20
votes

I'm trying to use position_dodge on ggplot to obtain boxplots of two different signals (ind) sharing the same categories (cat). When there is a category with data for one signal but not for the other one, the boxplot for the signal with data covers all the horizontal spacing, and does not respect the position_dodge instruction for that particular category. Is there a way to make ggplot to enforce the dodging rule? As you can see on the example below, the signal x has no data for category B, so it loses the space reserved by position_dodge. I would like to avoid that.

Thanks in advance.

data<-data.frame(cat=c('A','A','A','A','B','B','A','A','A','A','B','B'), 
                 values=c(3,2,1,4,NA,NA,4,5,6,7,8,9), 
                 ind=c('x','x','x','x','x','x','y','y','y','y','y','y'))

print(ggplot() +
        scale_colour_hue(guide='none') +
      geom_boxplot(
           aes(x=as.factor(cat), y=values, 
               fill=ind), 
           position=position_dodge(width=.60), 
           data=data,
           outlier.size = 1.2,
           na.rm=T))

graph with original problem

PROGRESS UPDATE

After some workarounds, I came up with the outcome I was looking for... (kind of)
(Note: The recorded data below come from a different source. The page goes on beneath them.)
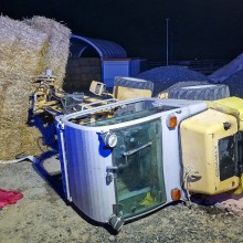 O godzinie 22:08 strażacy z Warty Bolesławieckiej zostali zadysponowani do „przygniecionego mężczyzny przez przewróconą ładowarkę podczas rozładunku balotów słomy w miejscowości Raciborowice Górne”.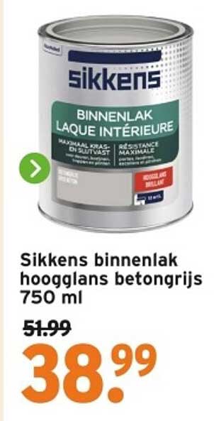 Bekijk de Sikkens Binnenlak Hoogglans Betongrijs aanbieding bij GAMMA! Deze fantastische aanbieding is nu beschikbaar in de nieuwste GAMMA folder. Profiteer van deze kans en bespaar flink op je aankoop.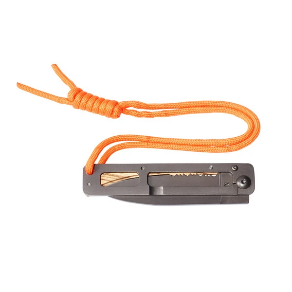 Die angedeutete Griffschale aus hartem Zebrano-Holz dient als Klingenschutz bei geschlossenem Messer. Mit 80 cm langem, 3 mm starkem Paracord. Insgesamt ein klasse Verhältnis von Größe/Klingenlänge und Gewicht – für das Papagayo Skinny ist in der Tasche oder im Rucksack wohl immer ein Platz zu finden!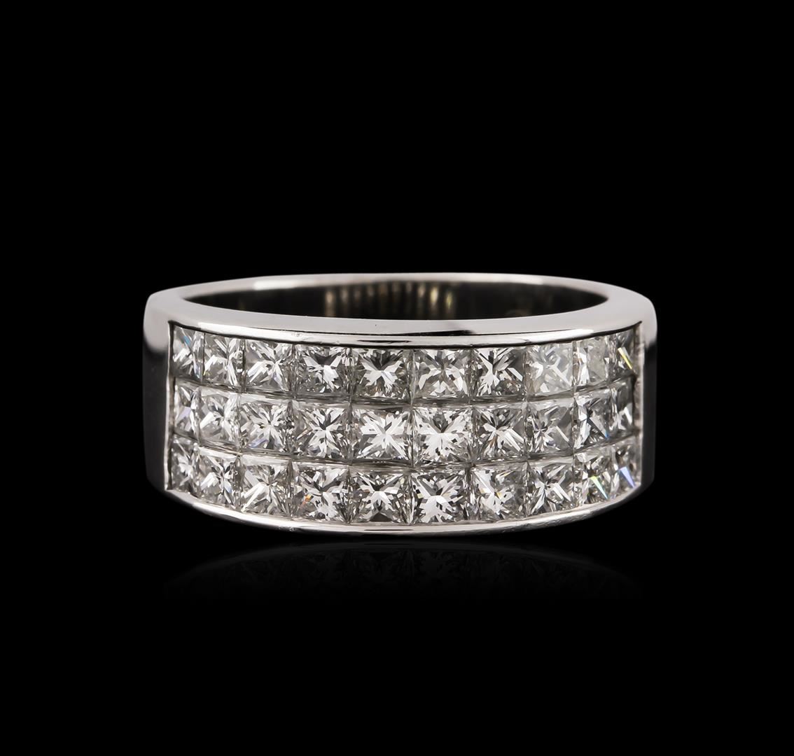 One electronically tested 18KT white gold ladies cast diamond ring with a bright polish finish. Identified with markings of "18K". Condition is very good. Containing: Thirty invisible set princess cut diamonds, measuring 2.50 x 2.50 x 1.88mm (depth est.) approximate total weight of 30 Stones = 2.89ct. Clarity: VS-2. Color: H - I, Cut is Good. All diamonds are graded in the mounting, unless otherwise stated. Total Weight of Diamonds 2.89ct. Total Weight of Ring 9.40 grams. GGL Appraised at $7,868.00.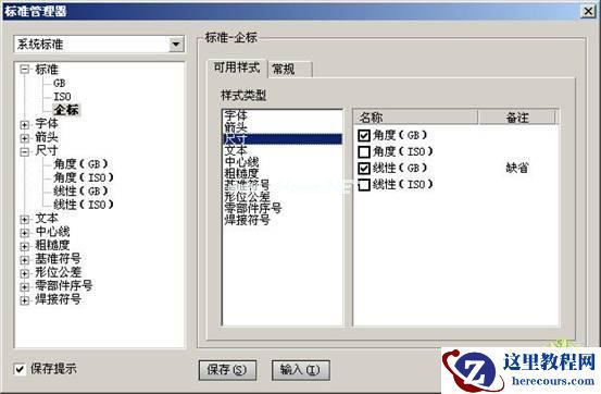 由于“企标”生成时是“ >GB ”的副本,因此这两个标准中的样式都相同。“点( >GB )”、“基准( >GB )”、“箭头( >GB )”、“无” >4 个样式既属于“ >GB ”又属于“企标”(观察仔细的话我们可以发现其实“无”这个样式还属于“ >ISO ”)。根据需要将不符合“企标”的样式选出或选入合适的其他样式(点击“企标”→在显示区的可用样式中选择箭头→点击样式名称前面的选框)。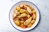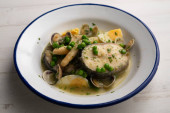 Gulasz z małży z ziemniakami i fasolą. Tradycyjny hiszpański przepis.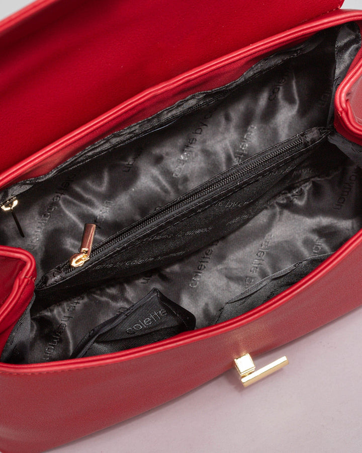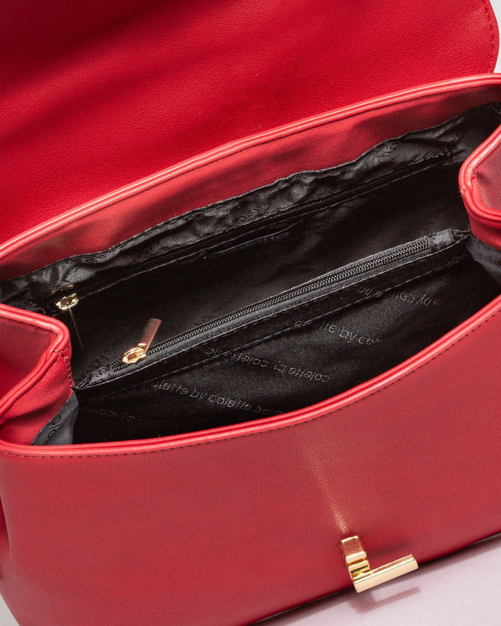 - Red finish with gold tone hardware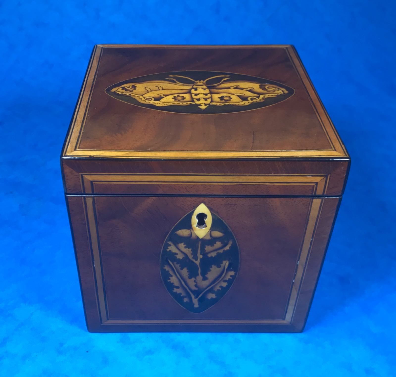 Sheraton Single Tea Caddy in Mahogany with a Beautiful Inlaid Moth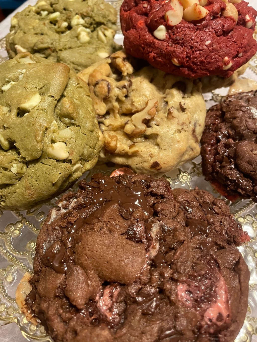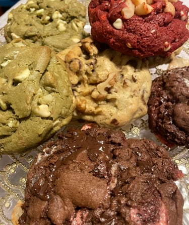 Freshly baked cookies — soft, chewy, and made with the finest ingredients. Available in 10 flavors, perfect for sharing or enjoying with coffee.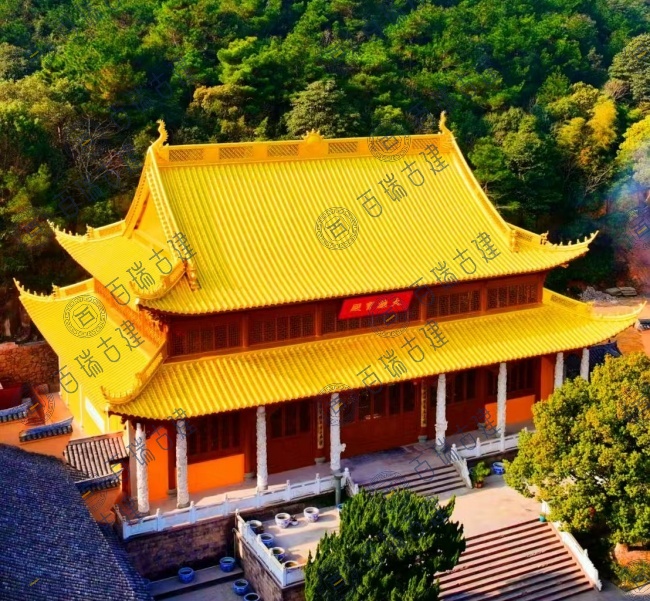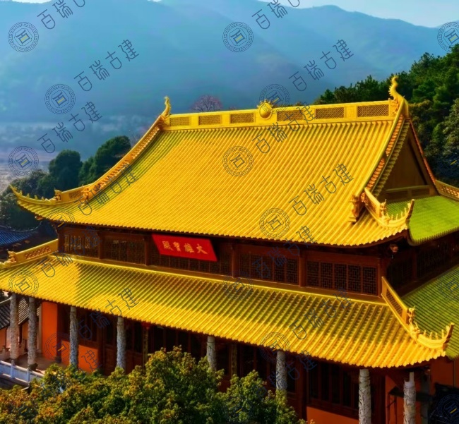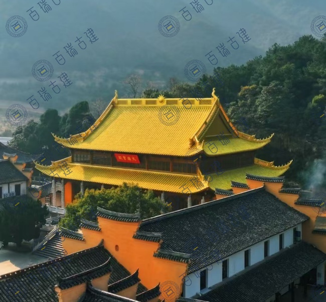 弥陀净寺位于浙江象山白沙湾,寺院依山面海,环境优美。在古朴的灰瓦之间,金色的金属瓦宛如一颗独特的星辰,以其别具一格的金属风格中和自然的暖色调,自然的生机又为金属建筑注入了活力,仿佛在诠释人与自然、佛与众生的和谐共融。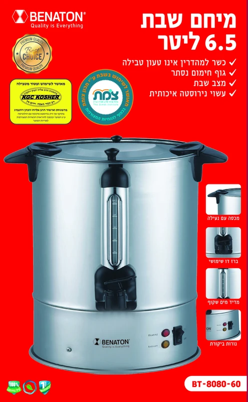 מיחם לשבת 6.5 ליטר איכותי BT-8080-60 BENATON ללא טבילה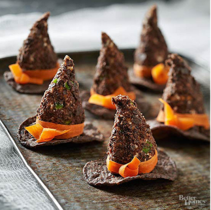 For a savory treat, combine cream cheese, shredded cheese and jalapenos to make a cheese dip. Roll in crushed blue corn torilla chips to form cones. Place on another chip to create witch hats in individual portion sizes.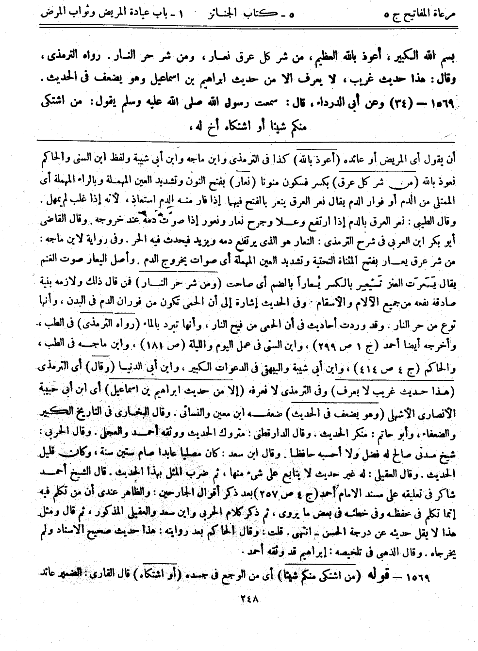 أن يقول أي المريض أو عائده (أعوذ بالله) كذا في الترمذي وابن ماجه وابن أبي شيبة ولفظ ابن السني والحاكم نعوذ بالله (من شر كل عرق) بكسر فسكون منوناً (نعار) بفتح النون وتشديد العين المهملة وبالراء المهملة أي الممتلى من الدم أو فوار الدم يقال: نعر العرق ينعر بالفتح فيهما إذا فار منه الدم استعاذ، لأنه إذا غلب لم يمهل. وقال الطيبي: نعر العرق بالدم إذا ارتفع وعلا وجرح نعار ونعور إذا صوت دمه عند خروجه. وقال القاضي أبوبكر ابن العربي في شرح الترمذي: النعار هو الذي يرتفع دمه ويزيد فيحدث فيه الحر. وفي رواية لابن ماجه: من شر عرق يعار بفتح المثناة التحتية وتشديد العين المهملة أي صوات بخروج الدم. وأصل اليعار صوت الغنم يقال: يعرت العنز تيعر بالكسر يعاراً بالضم أي صاحت (ومن شر حر النار) فمن قال ذلك ولازمه بنية صادقة نفعه من جميع الآلام والأسقام. وفي الحديث إشارة إلى أن الحمى تكون من فوران الدم في البدن، وأنها نوع من حر النار. وقد وردت أحاديث في أن الحمى من فيح النار، وأنها تبرد بالماء (رواه الترمذي) في الطب، وأخرجه أيضاً أحمد (ج1:ص299) ، وابن السني في عمل اليوم والليلة (ص181) ، وابن ماجه في الطب، والحاكم (ج4:ص414) ، وابن أبي شيبة والبيهقي في الدعوات الكبير، وابن أبي الدنيا (وقال) أي الترمذي (هذا حديث غريب لا يعرف) وفي الترمذي لا نعرفه (إلا من حديث إبراهيم بن إسماعيل) أي ابن أبي حبيبة الأنصاري الأشهلي (وهو يضعف في الحديث) ضعفه ابن معين والنسائي. وقال البخاري في التاريخ الكبير والضعفاء، وأبوحاتم: منكر الحديث. وقال الدارقطني: متروك الحديث ووثقه أحمد والعجلي. وقال الحربي: شيخ مدني صالح له فضل ولا أحسبه حافظاً. وقال ابن سعد: كان مصلياً عابداً صام ستين سنة، وكان قليل الحديث. وقال العقيلي: له غير حديث لا يتابع على شيء منها، ثم ضرب المثل بهذا الحديث. قال الشيخ أحمد شاكر في تعليقه على مسند الإمام أحمد (ج4:ص257) بعد ذكر أقوال الجارحين: والظاهر عندي أن من تكلم فيه إنما تكلم في حفظه وفي خطئه في بعض ما يروي، ثم ذكر كلام الحربي وابن سعد والعقيلي المذكور، ثم قال: ومثل هذا لا يقل حديثه عن درجة الحسن- انتهى. قلت: وقال الحاكم بعد روايته: هذا حديث صحيح الإسناد ولم يخرجاه. وقال الذهبي في تلخيصه: إبراهيم قد وثقه أحمد.

data            <- data.frame(
cat=c('A','A','A','A','B','B','A','A','A','A','B','B','B'), 
values=c(3,2,1,4,NA,NA,4,5,6,7,8,9, 0), 
ind=c('x','x','x','x','x','x','y','y','y','y','y','y','x'))

p  <- ggplot() +
      scale_colour_hue(guide='none') +
      geom_boxplot(aes(x=as.factor(cat), y=values, fill=ind),
      position=position_dodge(width=.60), 
      data=data,
      outlier.size = 1.2,
      na.rm=T) +
      geom_line(aes(x=x, y=y), 
                data=data.frame(x=c(0,3),y=rep(0,2)), 
                size = 1, 
                col='white')
print(p)

solution with workaround

Some people remcomended using faceting for the effect I wanted. Faceting doesn't give me the effect I'm looking for. The final graph I was looking for is shown below:

final graph

If you notice, the white major tick mark at y = 10 is thicker than the other tick marks. This thicker line is the geom_line with size=1 that hides unwanted boxplots.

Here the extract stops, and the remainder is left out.